Cheaper, greener motoring: carbon tax is part of the solution - by Prof Ray Wills

There is little doubt that the ‘Noughties’ was the Decade of Talking the Talk on climate change. It’s time to put the talk into action and make 2011 the start of the Decade of Walking the Talk. It’s time to get on with it.

As Julia Gillard once again commits Australia to act on global warming, one key factor is managing Australia’s transport greenhouse gas emissions, a measure that will also reduce our reliance on imported fossil fuels for transportation.

Australia talks and talks and talks about responses to global warming with very little substantive, whole of economy action to manage Australia’s greenhouse gas emissions. We need practical solutions to reduce our energy consumption. It has now been 14 years since the Kyoto Protocol and 13 years since emissions trading legislation was first drafted (but of course not implemented) by the Howard Government. It is now three and a half years since the 2007 elected Labor Government promised action on climate change.

While there is some room for argument to exclude agriculture for the time being from a carbon tax due to the complexity of the question of carbon emissions in agricultural systems, that argument cannot be applied to transport emissions from fuel. The amount of CO2 in transport fuel is simple math.

It is easy to understand the political concern the Prime Minister may have, but the reality is paying the price of carbon emissions on fuel is likely to be less than five cents a litre – the equivalent of $25 a tonne price for carbon – five cents is less than half the fluctuation in the weekly pump price cycle.
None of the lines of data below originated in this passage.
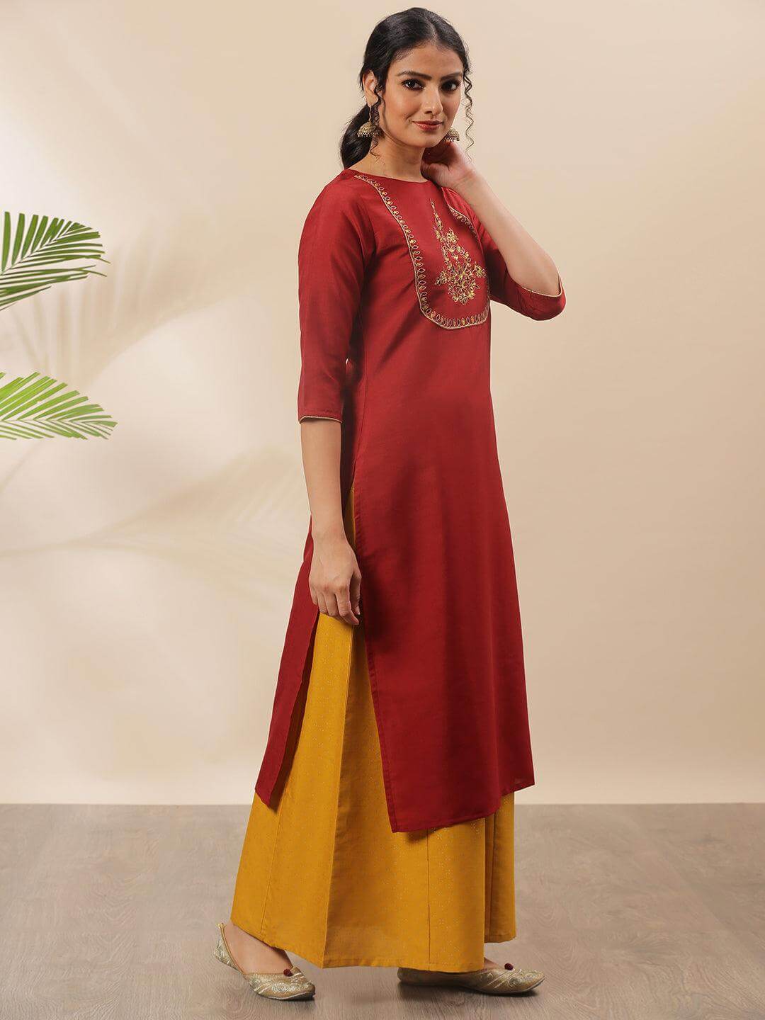 - Ooze refreshing confindence with this beautiful red kurta from Janasya. Masterfully tailored in premium poly silk for superb softness and wear comfort, it has embroidery on yoke with three quarter sleeves and is designed with a regular fit for some classic style. Pair it with white churidars for a great look.
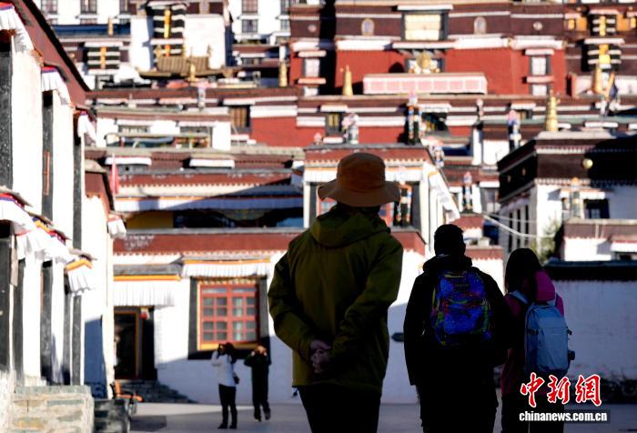 10月7日,游客在西藏日喀則市扎什倫布寺參觀。扎什倫布寺始建于公元1447年,是中國國家5A級旅游景區(qū)。憑借深厚的歷史底蘊(yùn)和獨(dú)特的文化魅力,吸引眾多中外游客參觀游覽。中新社記者 李林 攝
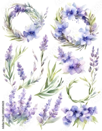 isolated watercolor wreaths bluebells set flower background white ideal lavender composition beautiful botanic drawn creating chaplet olated frame provence cards illustration flowers invitations
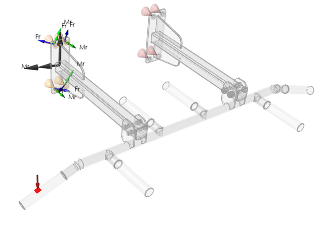 Use the Reaction Forces tool to visualize the resultant forces and moments between parts, or at supports or grounded fasteners.

The Federal Government gains roughly $1.5 billion of revenue annually from the GST on the 38 cents per litre excise component on fuel sales – coincidentally just a little less than would be raised by a $25 per tonne carbon tax on fuel.

Reducing excise by the difference of a carbon tax on petrol would be bad policy – the same bad policy proposed by Kevin Rudd in June 2008 when the price of petrol was to be impacted by the CPRS.

Exempting fuel from a carbon price would simply be using smoke and mirrors to say this was a measure about greenhouse gas emissions when in fact it would not have any direct impact on carbon.

Australian Bureau of Statistics shows the rate of fuel consumption averaged for all motor vehicles on Australian roads was 13.8 litres per 100 kilometres, one of the worst performances for national average fuel consumption of OECD countries apart from the USA and Canada. Not surprisingly that performance correlates to the price of petrol - Australia has the fourth lowest level of petrol taxation (and consequently the fourth lowest petrol prices) in the OECD.

Over the past decade, Australia has ignored many opportunities to improve national energy efficiency standards in our transport fleet.

We need both regulatory measures and market signals to improve energy efficiency and reduce greenhouse gas emissions in Australian vehicles. The Federal Government must implement a raft of measures, such as mandating levels of fuel efficiency of the national vehicle fleet, appropriate taxation relief and rebates for fuel-efficient cars and commercial vehicles, and not be distracted by short-term measures on fuel pricing that will simply disappear as we watch the price of oil continue to rise in a global market.

The Federal Government must take stronger measures on National Average Fuel Consumption numbers for new passenger vehicles and introduce rolling three-year targets on maximum fuel consumption. The Federal Government has been dragging its feet on setting mandated energy efficiency targets for the national vehicle fleet. Separate targets should impact on transport/ commercial vehicles – measures such as this will reduce running costs of Australian vehicles on imported fuels and reduce inflationary pressure on transported goods.

A carbon tax on petrol need not disadvantage motorists: incentivising Australians to get out of gas-guzzlers into new fuel efficient vehicles, which are easily twice or three times more efficient than older cars, will do more than any other measure to ease the price pain at the petrol pump.

The writer, Prof. Ray Wills, is chief executive of The Sustainable Energy Association of Australia (SEA) and Adjunct Professor with The University of Western Australia.

The Sustainable Energy Association of Australia (SEA) is an industry chamber of enterprises supporting market-based solutions to grow sustainable energy.